= Fran Smith (publicist) =

Francis E. Smith (May 28, 1923 – November 24, 2002) was an American publicist and journalist who was the public relations director for the Detroit Pistons and Windsor Raceway and a sportswriter for the Detroit Times.

==Early life==
Smith was a native of Mount Clemens, Michigan. He served in the United States Army during World War II and studied journalism at the University of Michigan following his discharge. He spent six years as the sports editor of the Mount Clemens Daily Monitor Leader and covered high school and college football and basketball for the Detroit Times from 1952 to 1957.

Smith was named publicity director of the National Basketball Association's Detroit Pistons shortly after the team relocated from Fort Wayne, Indiana. In January 1961 he was promoted to director of staff. Smith was responsible for the NBA's first high school draftee when the Pistons selected Reggie Harding, who had graduated from high school but did not enroll in a college, in the 1962 NBA draft. Smith left the Pistons on August 1, 1965, to work for Lou Van's Men's Store in Mount Clemens.
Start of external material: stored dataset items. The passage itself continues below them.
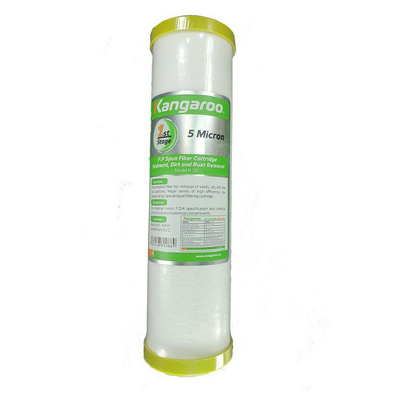 Combo bộ 03 lõi lọc nước Kangaroo số 1 - Cam kết chính hãng phân phối. Lắp vừa hầu hết các loại máy lọc nước hiện nay. Dùng lọc nước đầu vào nên thời gian thay thế thường xuyên, 3 tháng với khu vực nước chất lượng thấp, 6 tháng với khu vựa trung bình và 12 tháng với điểm nội thành chất lượng nước đầu vào tốt. Lõi lọc nước Kangaroo số 1.1 Sợi PP tạo khe hở 5 Micron ​ Nguyên liệu: Sợi PP có khe lọc 5 micron ⊹ Chức năng: Loại bỏ bùn đất, rỉ sét, các loại tạp chất thô, kim loại nặng ... có kích thước > 5 micron ⊹ Tuổi thọ: 3 ~ 6 tháng (~ 18.000 lít)
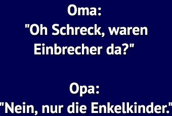 Auf Facebook teilen Vorige Folgende Oma: "Oh Schreck, waren Einbrecher da?" Opa:... Autor des Artikels : istdaslustig Zum Original-Artikel Oma: "Oh Schreck, waren Einbrecher da?" Opa: "Nein, nur die Enkelkinder." Hier geht es zum Artikel Mehr Lustiges auf www.istdaslustig.de Auf Facebook teilen Vorige Folgende Das könnte Ihnen gefallen Mehr
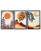 This modern art wall frame set features sun, moon, and nature-inspired shapes in warm, earthy tones, creating a calm, balanced look that enhances living rooms, bedrooms, or hallways with a stylish and peaceful wall decor appeal.
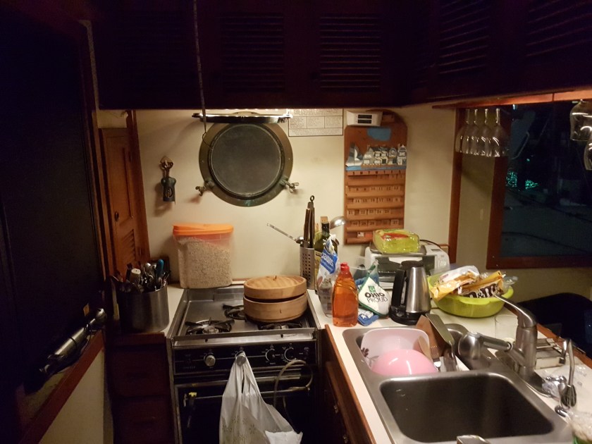 I told you of my plan to add a 16’ rope of LED lights for my galley. I t had occurred to me that Dauntless is a bit dark at night in the salon and galley. While I have under counter lights, that do a good job when cooking or cleaning, looking in the cabinets are another story. I know where everything is or at least how it is organized, but thinking about Ti, everything on Dauntless will be new.
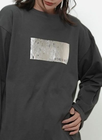 revoam【きらめく箔プリントが主役。大人モードなオーバーサイズTee】 オーバーサイズ箔プリントロンTee
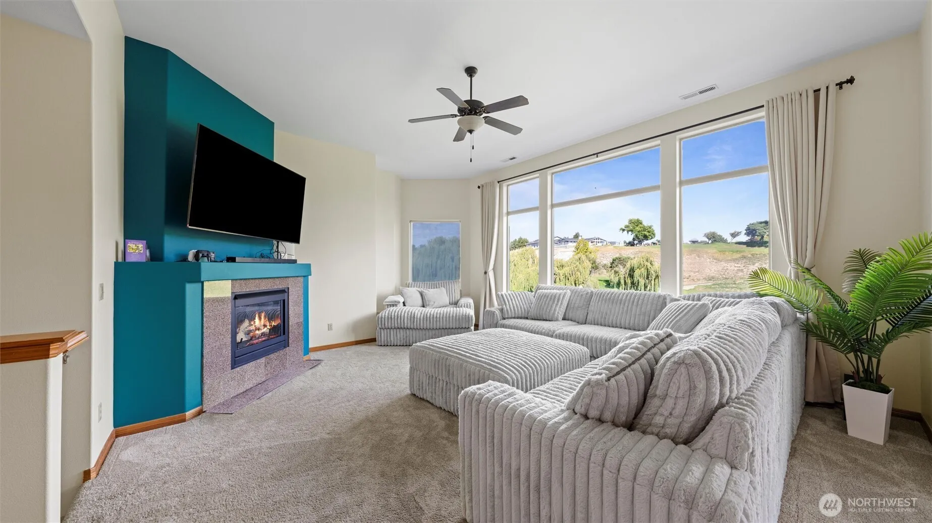 4 bed/4 bath daylight-basement home, 4,000+ sq ft, overlooking a pond on Canyon Lakes Golf Course. Main level: 12-ft coffered ceilings, large windows, granite fireplace. Chef’s kitchen: granite counters, tile backsplash, stainless appliances, built-in oven, pantry, breakfast bar. Primary suite with patio access, walk-in closet, and bath: dual vanities, soaking tub, tiled shower. Two bedrooms share a bath; office plus powder room. Daylight basement adds a family room with fireplace, wet bar and wine fridge, 4th bedroom, full and half baths, storage, and patio access. Covered patios on both levels. Finished, insulated 3-car garage. Quiet neighborhood with guest parking.
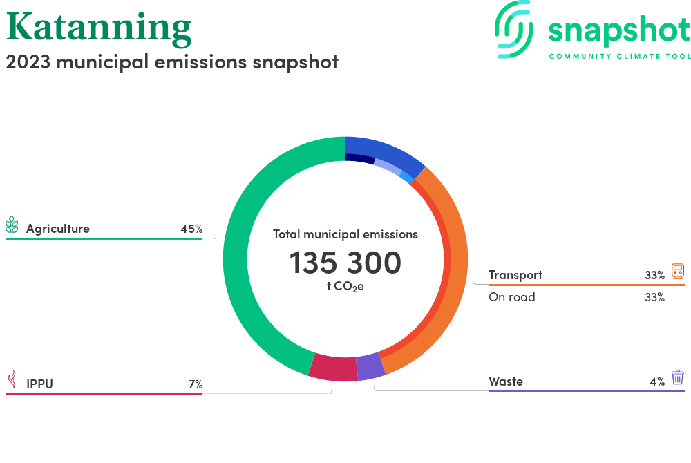 Katanning is a rural municipality that is geographically small relative to the state average and has a moderate urban density. Its major emissions source is agriculture, due to the community’s relatively large amount of agricultural activity and low population. The second largest source of emissions is on road transportation.
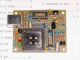 Das Ergebnis sieht dann ungefähr so aus (hier 180 Grad gedreht). Die ICs werden noch nicht in die Fassungen gesteckt!
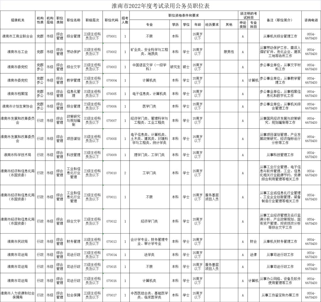 原标题:《淮南市2022年度考试录用公务员职位表来了!》

In 1966, Smith became the director of public relations of Windsor Raceway. He was let go after the 1966–67 racing season. In 1968, Smith purchased two Grand Rapids area newspapers – the Lowell Ledger and Ada Suburban Life. He was rehired at Windsor Raceway in 1970. In addition to serving as the track's public relations director, Smith also co-hosted the televised replay of the track's race card on CKLW-TV He also worked as advertising and public relations consultant for Maywood Park and Northfield Park. Smith left Windsor Raceway in 1978 and worked for the Anthony Franco public relations firm in Detroit. He later held public relations positions at Northfield Park (1979), Painesville Raceway (1979–80), and Liberty Bell Park Racetrack (1980–81).

==Personal life==
Smith and his wife, Betty, had eleven children and resided in Mount Clemens. He died on November 24, 2002, at Port Huron Hospital following a brief illness.